*What is expected*
All of the data must be written out verbatim, with pictures excluded.

##### Record extracts #####

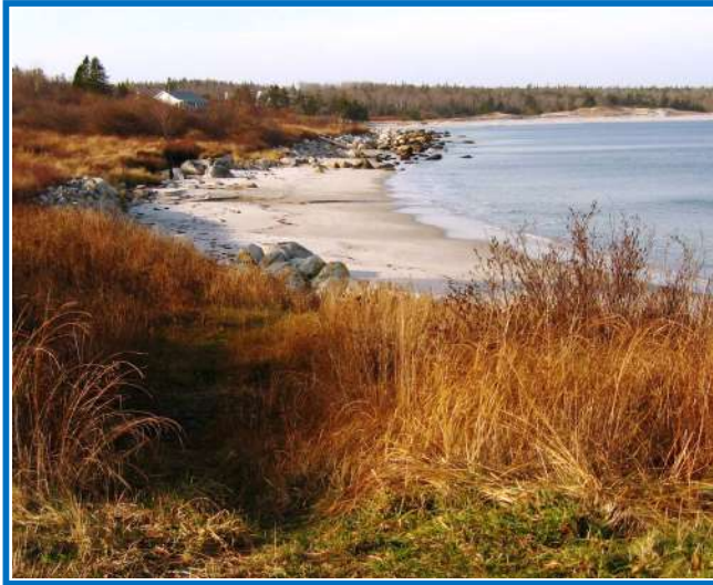
White sand beach at old wharf site.

This lovely launch site gives access to Port Mouton Island and the Spectacle Islands or to a longer trip to the Kejimikujik Seaside Park. For good maps and route details, see the PDF of Paddle Lunenburg-Queens (Page 39-43, Port Mouton and Kejimikujik Seaside ) at the NS Coastal Water Trails home page. Note: Popular Carter's Beach is a short paddle NW and worth a visit but not listed as a launch site as parking can be crowded and it is a longer carry.
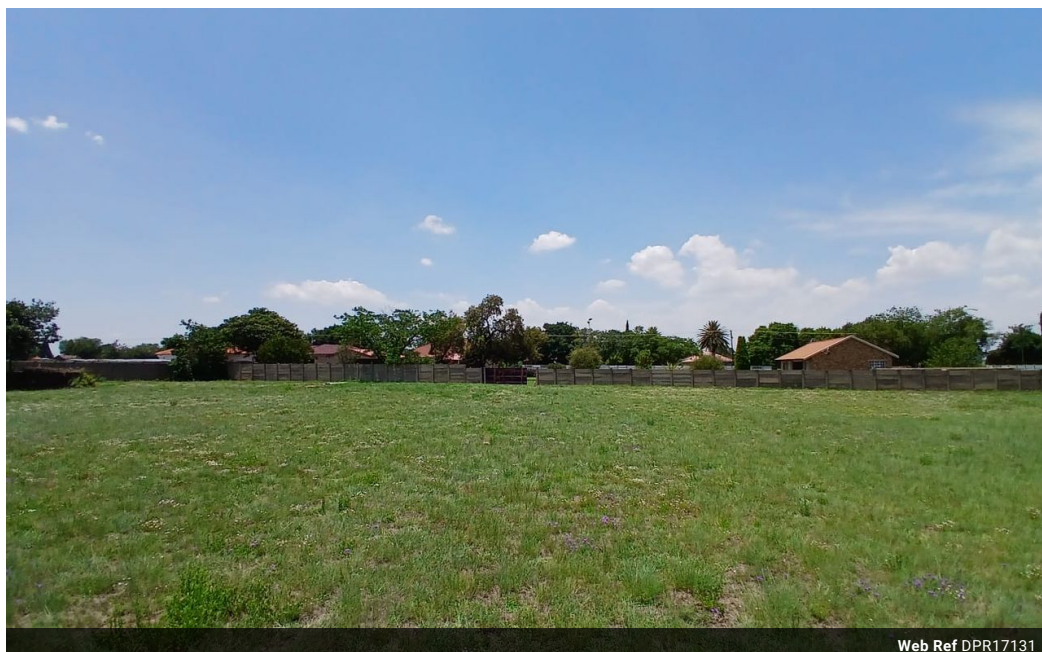
Web Ref DPR17131

24 Glynn Street Rothdene, Meyerton, 1961
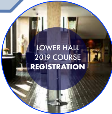
LOWER HALL 2019 COURSE REGISTRATION
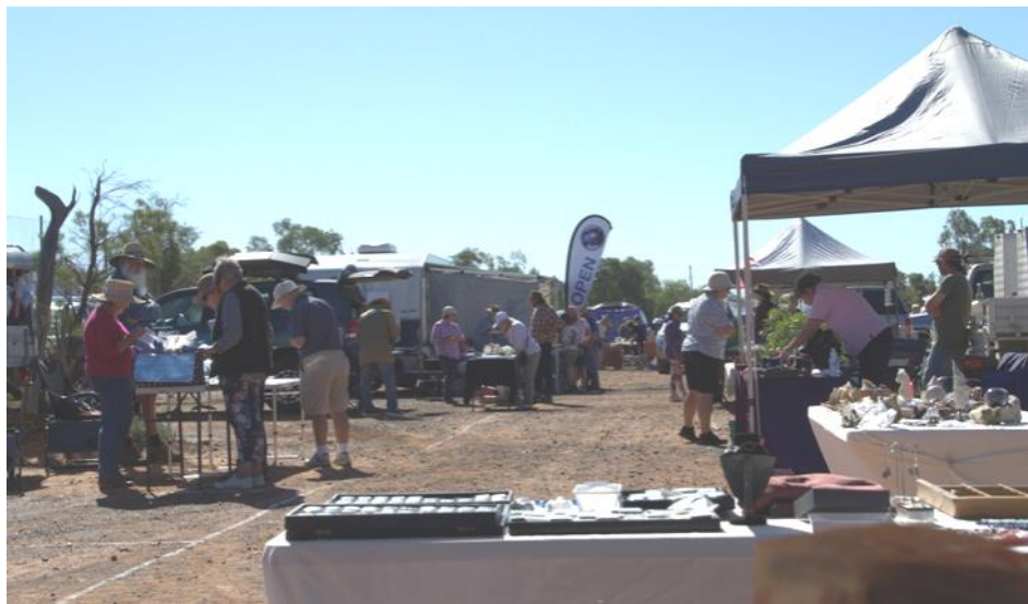
Yowah Opal Festival
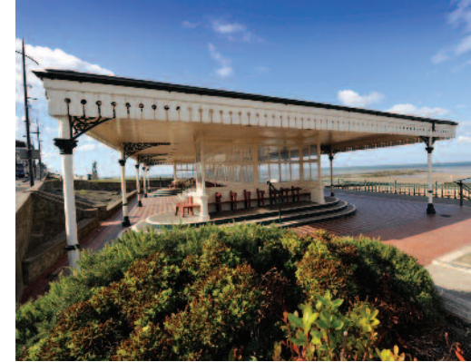
T.S. Eliot shelter
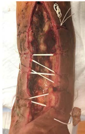
Fig. 2 Post-operative wound after removal of hardware at distal leg. After wound dehiscence, conservative therapies failed to reduce the size of the wound. The patient was left with a large, full thickness wound measuring 10.0 × 5.0 × 1.0-cm deep with mixed eschar, fibrinous tissue, and unhealthy granular tissue
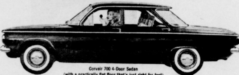
Corvair 700 4-Door Sedan (with a practically flat floor that's just right for feet)

See Chevrolet Cars, Chevy's Corvair and Corvette at Your Local Authorized Chevrolet Dealer's
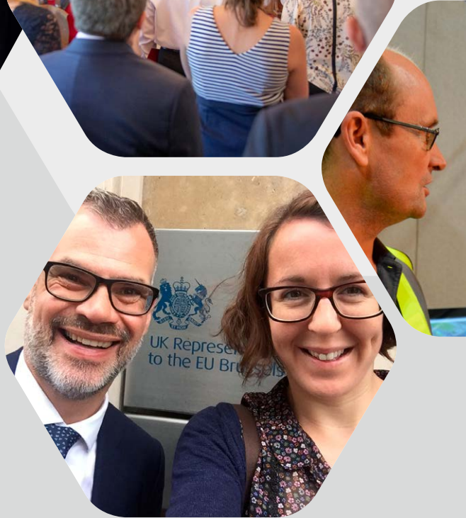
FMB visits Brussels for meetings with policy makers
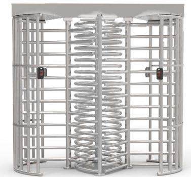
MSTT Tandem Full Height Turnstile

#####

*Result for this task*
White sand beach at old wharf site.

This lovely launch site gives access to Port Mouton Island and the Spectacle Islands or to a longer trip to the Kejimikujik Seaside Park. For good maps and route details, see the PDF of Paddle Lunenburg-Queens (Page 39-43, Port Mouton and Kejimikujik Seaside ) at the NS Coastal Water Trails home page. Note: Popular Carter's Beach is a short paddle NW and worth a visit but not listed as a launch site as parking can be crowded and it is a longer carry.
Web Ref DPR17131

24 Glynn Street Rothdene, Meyerton, 1961
LOWER HALL 2019 COURSE REGISTRATION
Yowah Opal Festival
T.S. Eliot shelter
Fig. 2 Post-operative wound after removal of hardware at distal leg. After wound dehiscence, conservative therapies failed to reduce the size of the wound. The patient was left with a large, full thickness wound measuring 10.0 × 5.0 × 1.0-cm deep with mixed eschar, fibrinous tissue, and unhealthy granular tissue
Corvair 700 4-Door Sedan (with a practically flat floor that's just right for feet)

See Chevrolet Cars, Chevy's Corvair and Corvette at Your Local Authorized Chevrolet Dealer's
FMB visits Brussels for meetings with policy makers
MSTT Tandem Full Height Turnstile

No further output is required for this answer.